These earthworks, therefore, do more than demarcate territory. They were probably first dug around settlements and their farmlands as barriers against the nocturnal raids of the forest elephant, over a thousand years ago. As more land was required, these linear earth boundaries became useful demarcators of territory and included the vital social function of inter-marriage injunctions within small settlements. As younger sons had no claim to home territory, it seems likely that they were the major component in short distance migrations from the core to the periphery; and these migratory wave fronts became growth areas attracting in migrants from all around.

In 1993, the author tried to organise work to win Nigeria's first UNESCO World Heritage Site for the Benin earthworks, along with the 1000 year old, 160km long, 20m high Sungbo's Eredo kingdom boundary rampart, around the Ijebu heartland. With the collaboration of the National Commission for Museums and Monuments, the authors conducted extra surveys at Udo and Ekhor, helped the Principal Superintendent of Monuments to draw up local conservation agreements, and in 1996 took the opportunity to open up British Foreign Office funding for Benin's Centenary Committee, to undertake a clean up of the main Benin City Wall , and ghost-wrote the nomination document. Sadly, the political suspicions leading to the downfall of Benin a century previously were repeated in respect of the Foreign Office funding and the conservation agreements waiting to be ratified by the Oba. Without, inter alia, any evidence of action and with the non-signing of those agreements, Benin lost its opportunity of becoming Nigeria's first UNESCO World Heritage Site; and its 'World Heritage' archway to the bronzecasters' street is a sad echo of what might have been.

Nonetheless, the Benin earthworks were the author's introduction to archaeology in Nigeria; and the negative politics of Benin merely served to let him cast his net more widely throughout Nigeria, leading to further discoveries of its incredible and fascinating archaeology.

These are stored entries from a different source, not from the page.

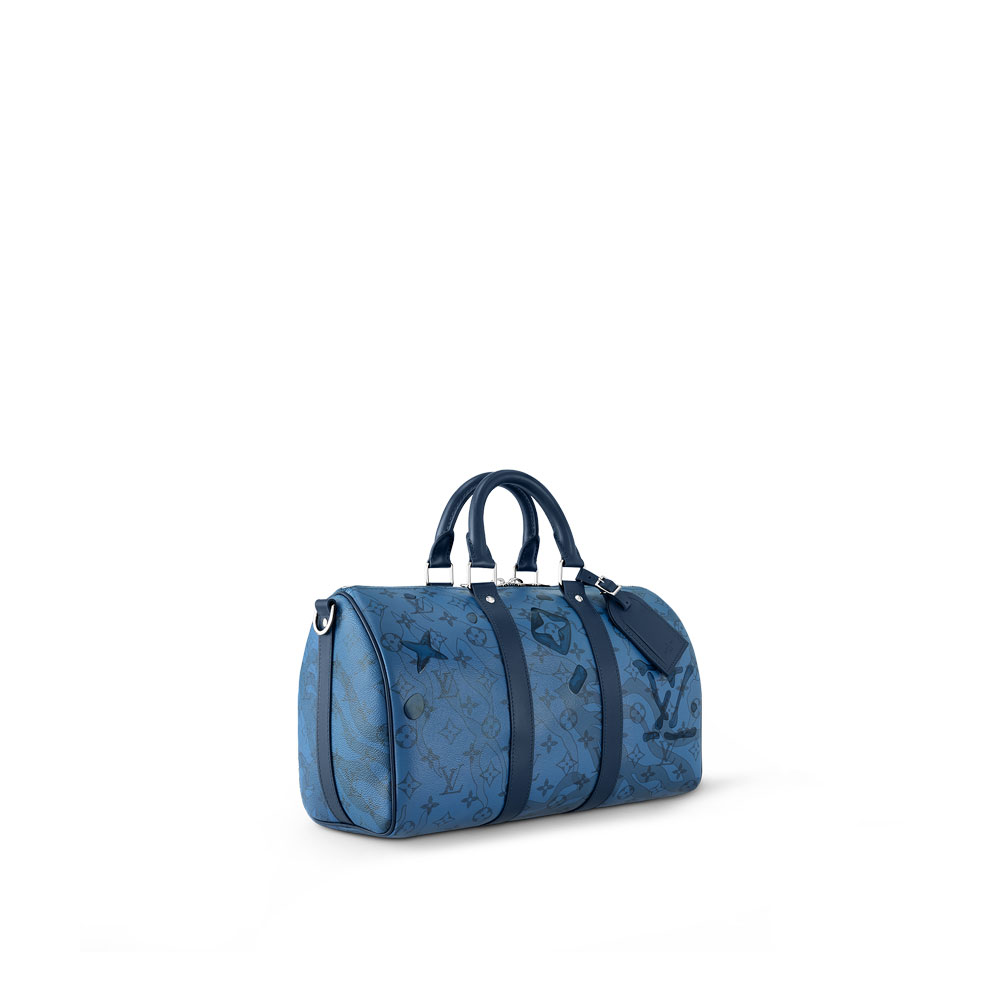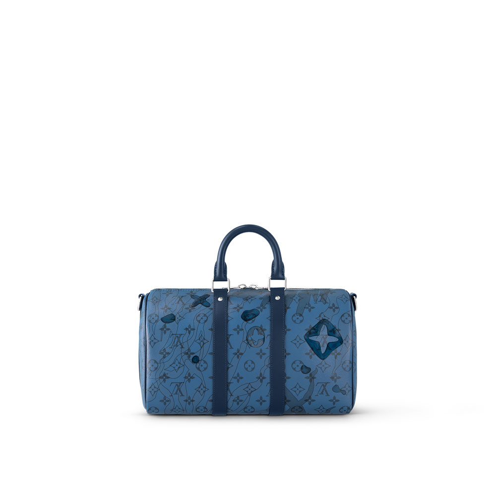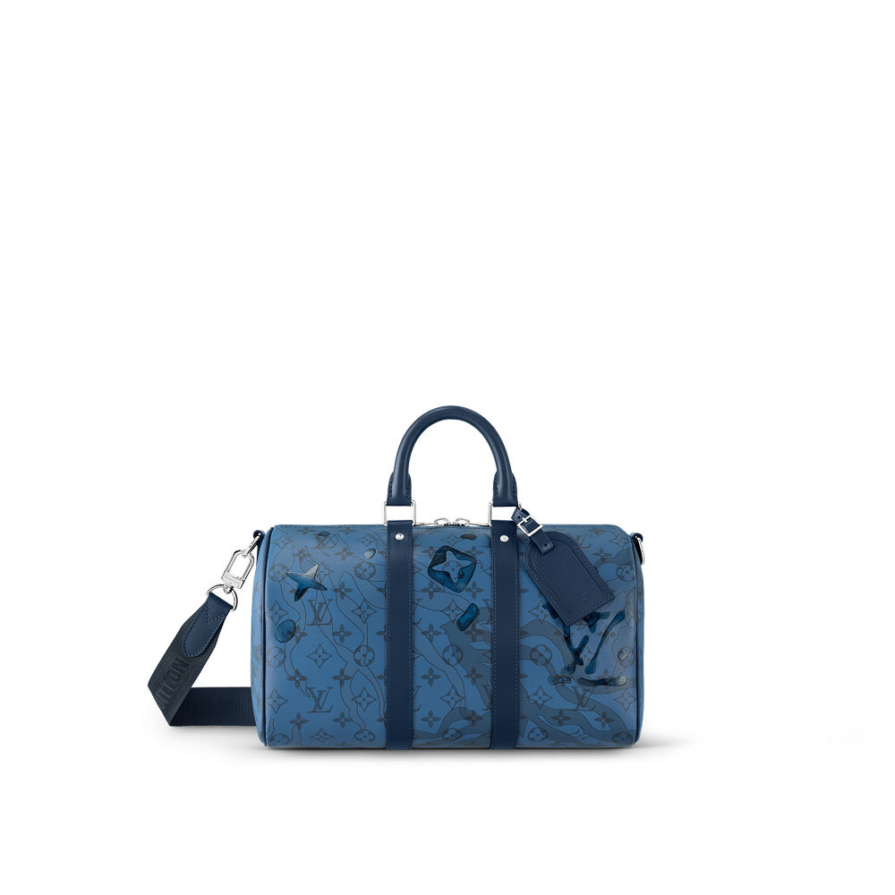 Slightly larger than the City Keepall, the Keepall Bandouliere 35 is fashioned from Monogram Aquagarden canvas, with a three-dimensional water drop effect of Monogram Flowers and LVs. The lateral bands and two rolled-leather top handles evoke the original Keepall travel bag. A practical textile strap, removable and adjustable, enables shoulder and cross-body wear.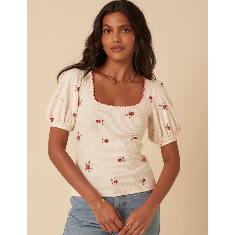 Square neck Short puff sleeves Size tip: we recommend your usual size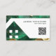 A dedicated QR code area allows clients to quickly access your website, listings, or contact details. The clean and minimal layout keeps the design professional while the emerald and gold elements add a premium and eye-catching touch.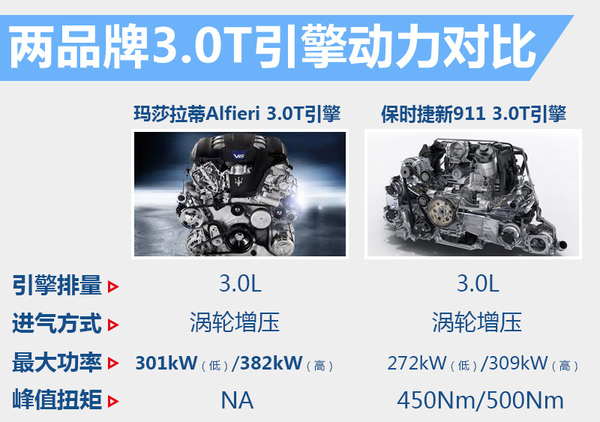 在豪华性能跑车阵营中,保时捷已有全新3.0L增压引擎供旗下新911敞篷跑车搭载。玛莎拉蒂新一代敞篷跑车将搭载的小排量引擎与保时捷同排量引擎相比,高低功率版引擎最大功率数据优于对方。其中玛莎拉蒂全新3.0T引擎低功率版的最大功率高出保时捷3.0T引擎29kW,而高功率版引擎最大功率则高出对方73kW。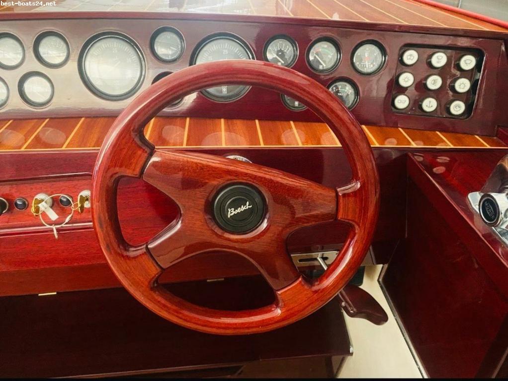 | Ausstattung: | ? Boesch 850 Runabout de Luxe (Sammlerstück) ? ? Einzigartige Gelegenheit: Boesch 850 Runabout de Luxe - *Neuwertiger Zustand* Erstwässerung war 2001 das Modeljahr ist 1999. Die Boesch 850 DE Luxe ist aus 1. Besitz ? Zum Verkauf steht ein unvergleichliches Boesch 850 Runabout de Luxe, das Inbegriff von Schweizer Handwerkskunst und zeitloser Eleganz. Dieses Motorboot-Juwel aus Erstbesitz präsentiert sich in einem makellosen Zustand, der selbst anspruchsvollste Sammler begeistert. ? Sammlerstück: Eine Rarität auf dem Markt, die durch ihre Historie und ihren Zustand besticht. Boesch-Boote sind bekannt als "Urtypen des exklusiven Sportmotorbootes". ? Extrem geringe Betriebsstunden: Mit nur 89 originalen Betriebsstunden ist das Boot kaum genutzt und der Motor nahezu neuwertig. ? Stärkste Motorisierung: Ausgestattet mit der leistungsstärksten verfügbaren Motorisierung (2 x 314 PS), die für beeindruckende Performance auf dem Wasser sorgt. ? Perfekt gepflegt: Das Boot wurde ausnahmslos in einem Hallen-Winterlager aufbewahrt und regelmäßig gewartet, um seinen neuwertigen Zustand zu erhalten. ? Die Boesch 860 DE LUXE hat einen Straßenzugelassenen Harbeck 25 km/H TYP: WZBA 60 angefertigten Spezialanhänger zum Lagern. Dieses Runabout verkörpert die Faszination klassischer Motorboote und ist bereit für einen neuen Eigner, der seine Exklusivität zu schätzen weiß. Ein echtes Liebhaberobjekt, das seinesgleichen sucht. Motoren & Getriebe: 2 X Boesch Crusader Marine V-8 Motoren, 454 CID mit jeweils 231 kW mit Velvet Untersetzungsgetriebe 1,58:1 Sonder

The destruction of Nigeria's vulnerable visible archeology was of considerable concern, particularly since virtually no one else was surveying these features. By conducting fieldwork adventure holidays, he brought in UK archaeology students, who then worked with Nigerian colleagues.

Homework inspecting old map, aerial photographs and books, provided a wealth of over 5,000 sites worth examining; and over the last few years much of Nigeria's northern and middlebelt archaeology has begun to come to light. Major Yoruba kingdom boundaries have been mapped at Ijebu, Old Owu and Ilesha, with extensive city walls also surveyed at Olle, Otefon, Kabba, Ikija, Abeokuta and elsewhere.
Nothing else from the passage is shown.